Under DPP, the difference between the open market price and MSP is given to farmers, he said, adding that it has been implemented in some states like Madhya Pradesh.

MSP is a minimum price at which the government undertakes procurement.

The minimum support price on agri crops should continue as long as markets become competitive and efficient, but it should be given through means other than procurement, government think-tank Niti Aayog member Ramesh Chand said on Wednesday.

Chand — while addressing a conference on ‘Getting agriculture markets right’ — organised jointly by National Stock Exchange and ICRIER — said: “Deficiency Pricing Payment (DPP)’ is one such means of giving MSP (Minimum Support Price) to farmers, but cautioned that DPP cannot be stopped once implemented.

Under DPP, the difference between the open market price and MSP is given to farmers, he said, adding that it has been implemented in some states like Madhya Pradesh. MSP is a minimum price at which the government undertakes procurement. MSP is fixed for 22-23 crops. Rice and wheat are largely procured crops by the government.

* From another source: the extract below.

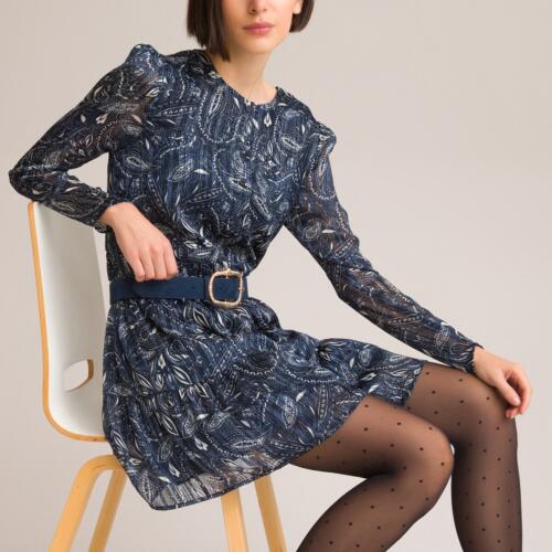 Paisley Print Mini Dress with Long Sleeves and Crew Neck La Redoute Collections £42.00 -

“In some cases, MSP is justified in times of volatility in prices and glut. I feel what matters is how we give MSP to farmers. …MSP has to be there as long as markets are not competitive and efficient. But MSP can be given through means other than procurement,” he said.

MSP can be given through the DPP method but it cannot be stopped once it is implemented, he said. Chand said he has given a detailed presentation on this to Prime Minister Narendra Modi.

He has also estimated that the difference between open market price and MSP is about 12-15 per cent and it would require Rs 80,000 crore based on 1920 price to give on all MSP-fixed 23 crops.

The Niti Aayog member also stated that allied sectors — fishery, dairy and livestock — of agriculture having minimum government intervention are growing at the fastest rate.

He said a 10 per cent growth rate was seen in the fishery in the last eight year. Similarly, the dairy and livestock sector has performed better. Within agri crops, non-MSP crops and horticultural crops have grown much faster than others.

“Given this, what is likely to emerge in future is, sarkari crops (MSP-fixed crops) versus bajaari (commercial) crops,” he said, and added that corporates are showing interest in innovation in bajaari crops.

Countering Chand’s view on DPP method of giving MSP, Ashish Bahuguna, former agriculture secretary, said, “I don’t agree that there is 15-20 per cent difference between open market price and MSP. You have not taken into account farm gate prices. MSP cannot be a solution. I support farmers’ income approach and we need to address hurdles in the market places.” Bahuguna is currently the chairman and public interest director at NCDEX.

ITC Group Head, Agri and IT Businesses, S Sivakumar, said, “We are in the process of transiting to a demand-response production system. The trouble we are facing today because we are still in transition. We are trying to manage today and tomorrow’s needs with yesterday’s instruments, institutions and laws.” Farm laws, which were withdrawn, was one step in that direction and certainly could have helped how to make this transition, he said.

In November 2021, the government had repealed three agricultural laws due to a nearly a year long agitations of farmers on Delhi borders.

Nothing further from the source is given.